Her father had been born and educated on the island of Antigua. He was a police officer, carpenter, avid reader of Scripture, and a preacher.  Although an imposing six feet four, he had a gentle demeanor and followed a simple rule: never speak to children in anger. At night he narrated stories about the islands he visited as a young man. He also read stories from the Bible. He believed that character and achievement were the only recourses in a racial society. 

The Joseph family built a home on a hill that overlooked the high mountains and green valleys to the west and the deep blue Caribbean to the east. Theirs was a cohesive and self-reliant family. They grew their own food, sewed their own clothes and practiced literacy. Although buying books was a luxury, reading was very important part of their lives. Each child took a turn reading aloud from the Bible at evening devotions. 

Adella thrived in this environment. Quiet, unassuming, intelligent, and deeply religious, she learned to read and write at home and excelled in school.  Her respite became reading. After school and chores she would escape to her secret place, a sea grape tree that faced the brilliant sea. There on this windswept hill she nuzzled into the boughs of the tree to read and dream. 

With the Second World War raging in Europe, British support for her overseas colonies fell off dramatically. The market for export crops such as cocoa and nutmeg vanished and so did employment. Unable to pay for further schooling, Adella’s parents sent her to live and work with her older sister in Trinidad. Two years late she married and had her first child. Over the next fifteen years she and her husband had nine more children.

When her family had grown up she returned to school to complete her high school education and begin college. Her will to succeed was unyielding. When she learned that her first grandson had not learned to read, she committed herself to his education. She was not going to let the redemptive powers of print  slip away from him. 

Perry adored his grandmother. The first thing he did when he went  to shop or to the beach was to stick a book in his back pocket. He read to himself and to his grandmother. He especially loved to share his favorite parts with her after supper. That part of the evening was important  to him. She listened and replied with sensitivity and a feel for irony.  At night he put his book under his pillow. 

Each day his reading improved. Soon his desire to please his grandmother gave away to reading for himself. The more he read the more easily he recognized words. He zipped across the pages eager to find out what would happen next.  Patterns appeared to him and soon he expected to see certain words. The story line became just as predictable. He would anticipate what come next and read to see if he was right. If a baby was upstairs, he expected to be crying. These expectations pulled him from page to another. He was suddenly reading words that had stumped him a few months earlier. Tentativeness had given way to confidence; pauses and skips to fluency. 

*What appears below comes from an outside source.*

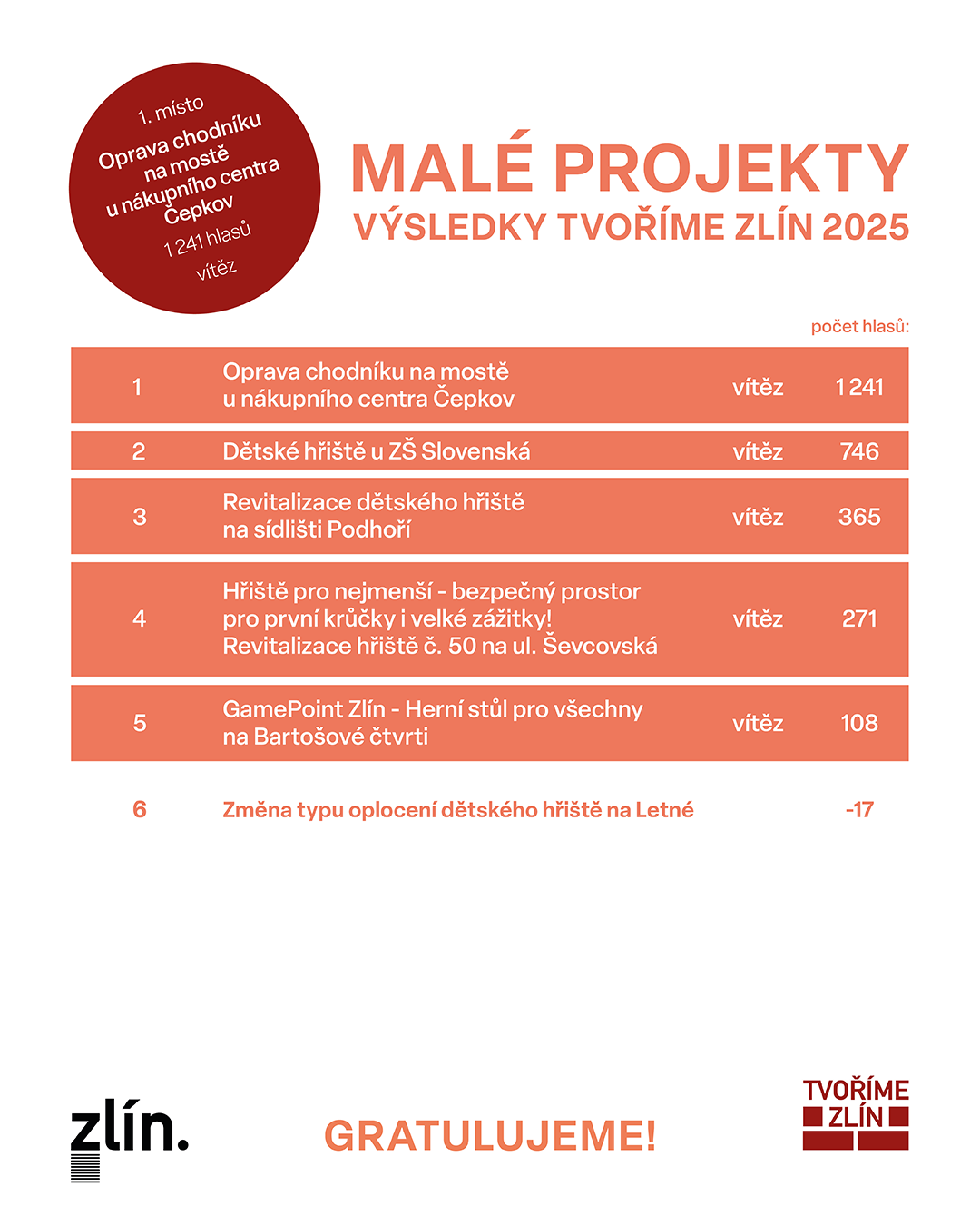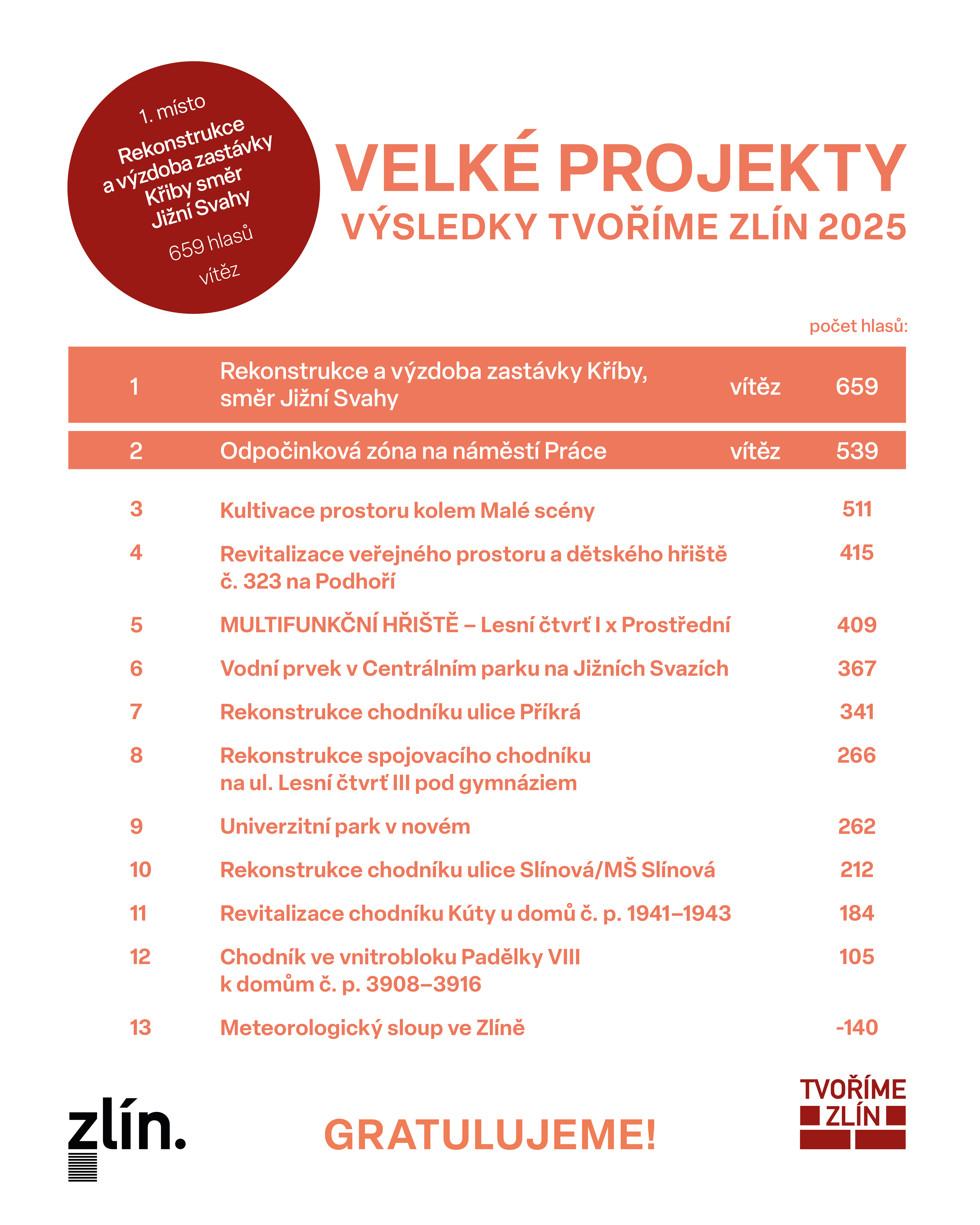 „Tvoříme Zlín každoročně ukazuje, jak silný zájem mají lidé o podobu svého města. Vítězné návrhy jsou důkazem toho, že i relativně malé zásahy dokážou výrazně zlepšit veřejný prostor a přinést radost široké veřejnosti. Všem, kteří se zapojili, patří velké poděkování,“ uvedla náměstkyně primátora Jana Bazelová, která má projekt na starosti.

On the day he returned home, he asked me to buy him  Tales of a Fourth Grade Nothing. I looked up from my magazine puzzled. After all, this was the boy who regarded reading as a thing to be avoided. I could not imagine what had changed him. My mother in law as not a teacher or a reading expert so she could not have taught him to read. Reading fluency  depended on translating letters and words into thought. At least that is what researchers and text book writers had led me to believe. I had no clue that a simple dictum to read had given my son a reason to read. 

I had always imagined hearing Perry ask me for a book after he had learned to read. His transformation discredited my thinking. Adella had made him a reader by making him her reader. This is not as far fetched as it sounds. It is the basis of constructivist theory  long advocated by Frank Smith, and portrayed humorously by Garrison Keilor Lake Wobegon Days. In the following passage the narrator reminisces about his reading:
 

It took me a long time to read. I was wrong about so many words. Cat, can't. Tough, through,  thought. Shinola. I was like reading a cloud of mosquitoes. Donna in the set behind whispered right answers to me, and I learned to be a good guesser, but I didn't read well until Mrs. Meiers took me in hand.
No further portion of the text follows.